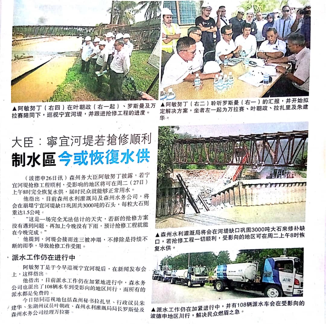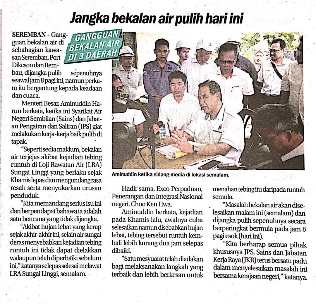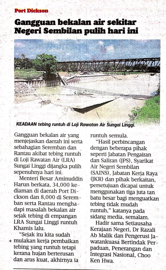 Tajuk :Gangguan bekalan air di sebahagian kawasan dijangka pulih bergantung kepada keadaan cuaca. Bekalan terjejas berikutan kejadian tebing runtuh di Loji Rawatan Air (LRA) Sungai Linggi yang berlaku sejak Khamis lalu
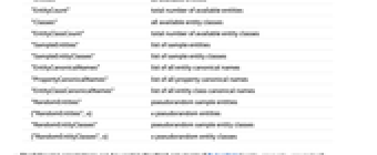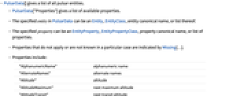"Entities" all available entities "EntityCount" total number of available entities "Classes" all available entity classes "EntityClassCount" total number of available entity classes "SampleEntities" list of sample entities "SampleEntityClasses" list of sample entity classes "EntityCanonicalNames" list of all entity canonical names "PropertyCanonicalNames" list of all property canonical names "EntityClassCanonicalNames" list of all entity class canonical names "RandomEntities" pseudorandom sample entities {"RandomEntities",n} n pseudorandom entities "RandomEntityClasses" pseudorandom sample entity classes {"RandomEntityClasses",n} n pseudorandom entity classes - The following annotations can be used in the third argument of PulsarData[entity,property,annotation]:
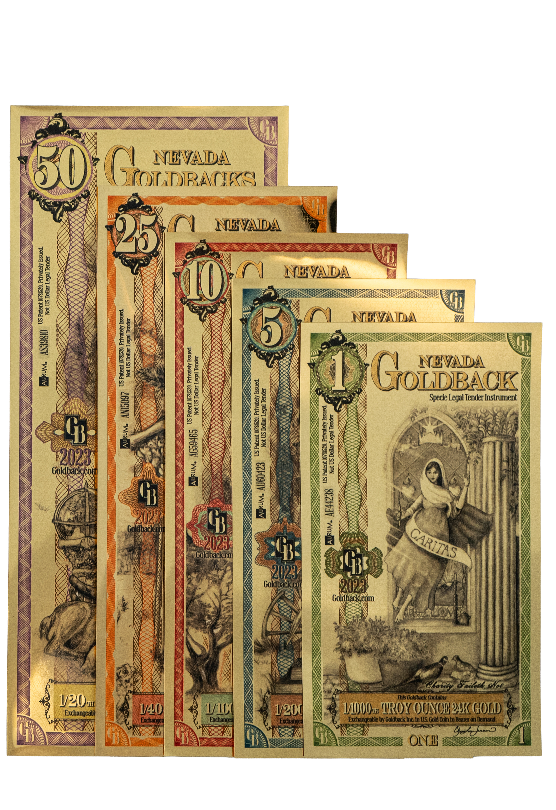 Paquete completo de monedas Nevada Goldback . Adquiera una pieza de oro bellamente elaborada y gastable con este exclusivo paquete Nevada Goldback. Este paquete incluye una moneda de cada denominación: Billetes de oro Goldback de 1, 5, 10, 25 y 50 unidades, cada uno con oro de 24 k, que presentan impresionantes diseños inspirados en la herencia y los valores de Nevada.
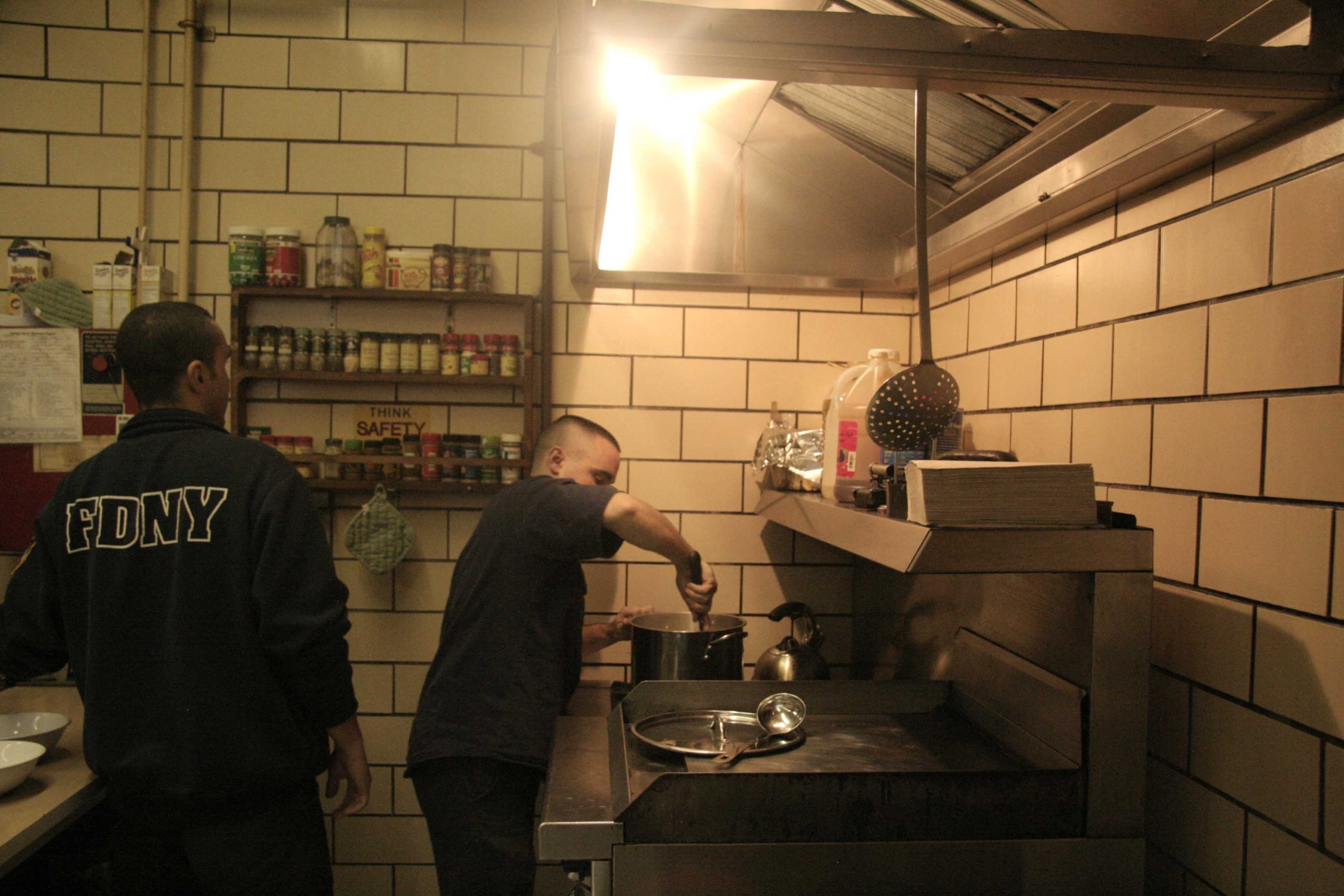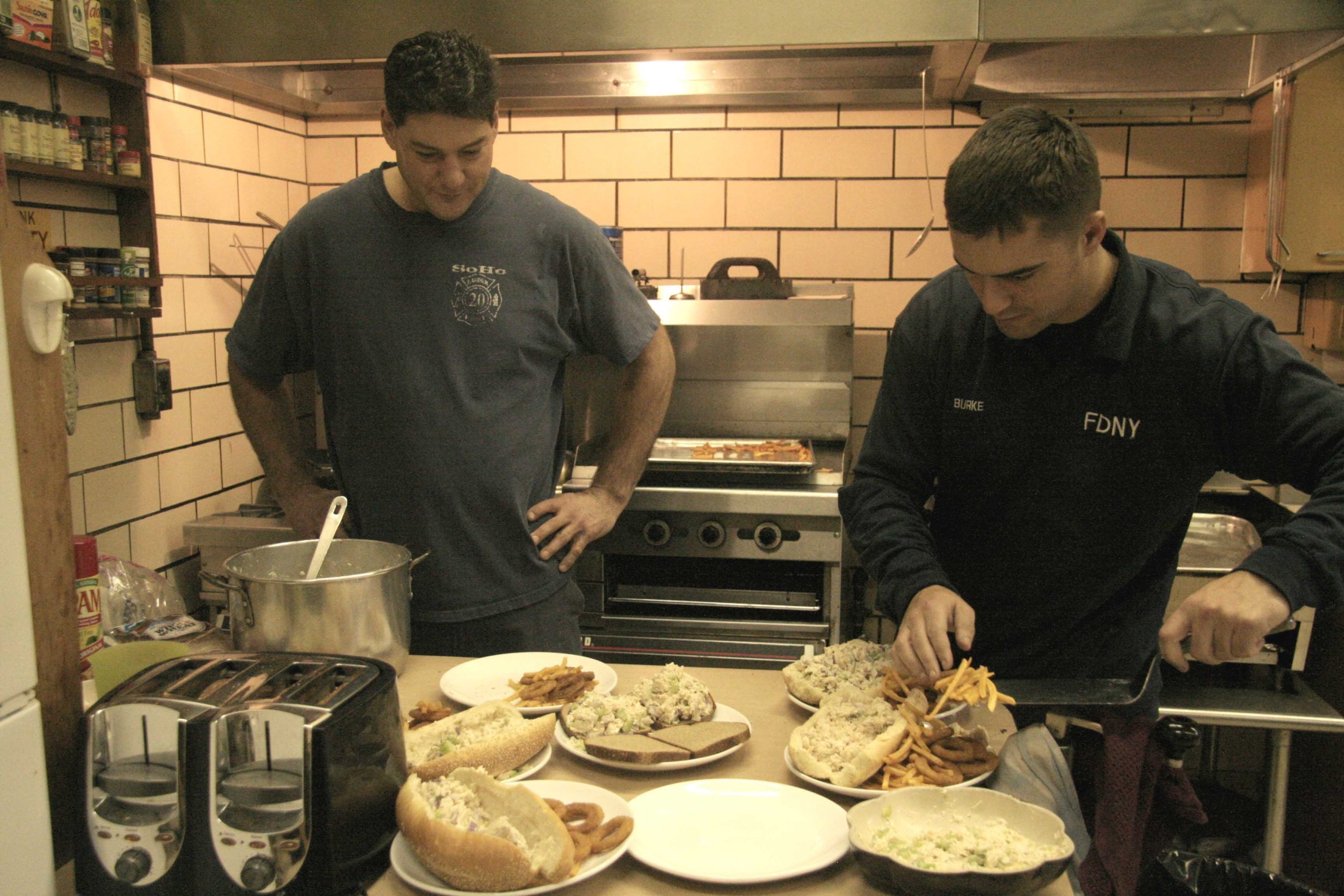 I pompieri di New York sono noti per essere ottimi cuochi. Molti di loro hanno scritto libri di cucina. Molti sono italo-americani e irlandesi-americani, una sorta di tradizione del comparto. Il corpo dei vigili del fuoco è infatti nato e cresciuto grazie agli immigrati irlandesi e italiani. In una foto scattata di spalle, i cognomi dei ragazzi stampati sulle giacche rivelano le loro radici.
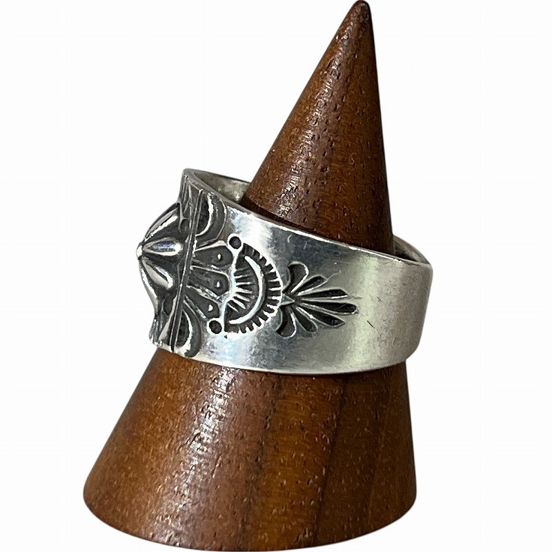 送無 美品 Navajo ナバホ族 ESS 刻印 Edison Sandy Smith 作 スタンプワーク スターリング シルバー リング インディアンジュエリー 約17号
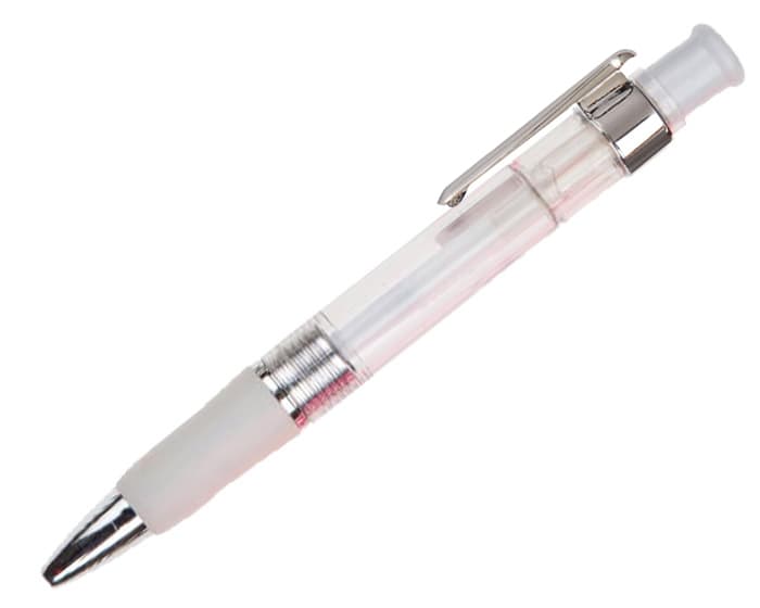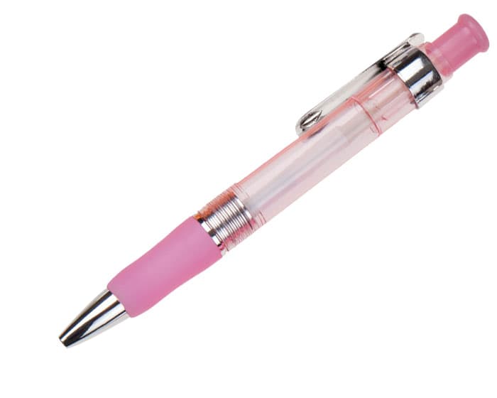 Bolígrafo de plástico traslúcido, goma antideslizante, punta cromada y mecanismo de click.
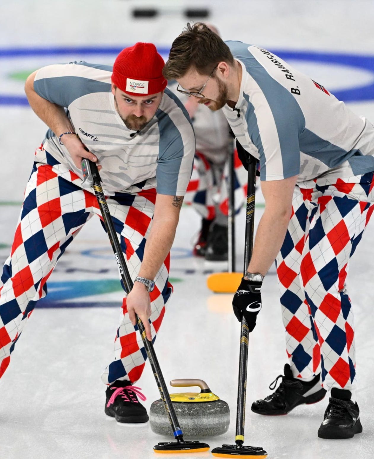 Speaking of identical kits to last Olympics, here we have the Swedes. Look, I do really like the Tre Kronor, and I love the yellow. It’s instantly identifiable, no other nation uses yellow so prominently in their colourway, and the jackets are in lockstep with Sweden’s hockey and soccer teams, which not every curling nation attempts. That said, I do think there’s a bit of a tendency to lean on the Tre Kronor’s iconic status and not shoot for much more outside of that. Uniqlo has come up with some truly unique designs for the off-ice kit and they’re a big player in world fashion. So I’d kinda love if they’d try something crazy, even if it’s just for a third kit, rather than taking the easy way out. These are even simpler than last time, where they had a Swedish flag loop on the cuff of the sleeves which I quite liked. These are efficient, they immediately scream “SWEDEN”, and they are not bad. But I like to live on the wild side.

§ **To do**
Please give all of the material again, exactly, without the images.

§ **Exercise solution**
 Tajuk :Gangguan bekalan air di sebahagian kawasan dijangka pulih bergantung kepada keadaan cuaca. Bekalan terjejas berikutan kejadian tebing runtuh di Loji Rawatan Air (LRA) Sungai Linggi yang berlaku sejak Khamis lalu
"Entities" all available entities "EntityCount" total number of available entities "Classes" all available entity classes "EntityClassCount" total number of available entity classes "SampleEntities" list of sample entities "SampleEntityClasses" list of sample entity classes "EntityCanonicalNames" list of all entity canonical names "PropertyCanonicalNames" list of all property canonical names "EntityClassCanonicalNames" list of all entity class canonical names "RandomEntities" pseudorandom sample entities {"RandomEntities",n} n pseudorandom entities "RandomEntityClasses" pseudorandom sample entity classes {"RandomEntityClasses",n} n pseudorandom entity classes - The following annotations can be used in the third argument of PulsarData[entity,property,annotation]:
 Paquete completo de monedas Nevada Goldback . Adquiera una pieza de oro bellamente elaborada y gastable con este exclusivo paquete Nevada Goldback. Este paquete incluye una moneda de cada denominación: Billetes de oro Goldback de 1, 5, 10, 25 y 50 unidades, cada uno con oro de 24 k, que presentan impresionantes diseños inspirados en la herencia y los valores de Nevada.
 I pompieri di New York sono noti per essere ottimi cuochi. Molti di loro hanno scritto libri di cucina. Molti sono italo-americani e irlandesi-americani, una sorta di tradizione del comparto. Il corpo dei vigili del fuoco è infatti nato e cresciuto grazie agli immigrati irlandesi e italiani. In una foto scattata di spalle, i cognomi dei ragazzi stampati sulle giacche rivelano le loro radici.
 送無 美品 Navajo ナバホ族 ESS 刻印 Edison Sandy Smith 作 スタンプワーク スターリング シルバー リング インディアンジュエリー 約17号
 Bolígrafo de plástico traslúcido, goma antideslizante, punta cromada y mecanismo de click.
 Speaking of identical kits to last Olympics, here we have the Swedes. Look, I do really like the Tre Kronor, and I love the yellow. It’s instantly identifiable, no other nation uses yellow so prominently in their colourway, and the jackets are in lockstep with Sweden’s hockey and soccer teams, which not every curling nation attempts. That said, I do think there’s a bit of a tendency to lean on the Tre Kronor’s iconic status and not shoot for much more outside of that. Uniqlo has come up with some truly unique designs for the off-ice kit and they’re a big player in world fashion. So I’d kinda love if they’d try something crazy, even if it’s just for a third kit, rather than taking the easy way out. These are even simpler than last time, where they had a Swedish flag loop on the cuff of the sleeves which I quite liked. These are efficient, they immediately scream “SWEDEN”, and they are not bad. But I like to live on the wild side.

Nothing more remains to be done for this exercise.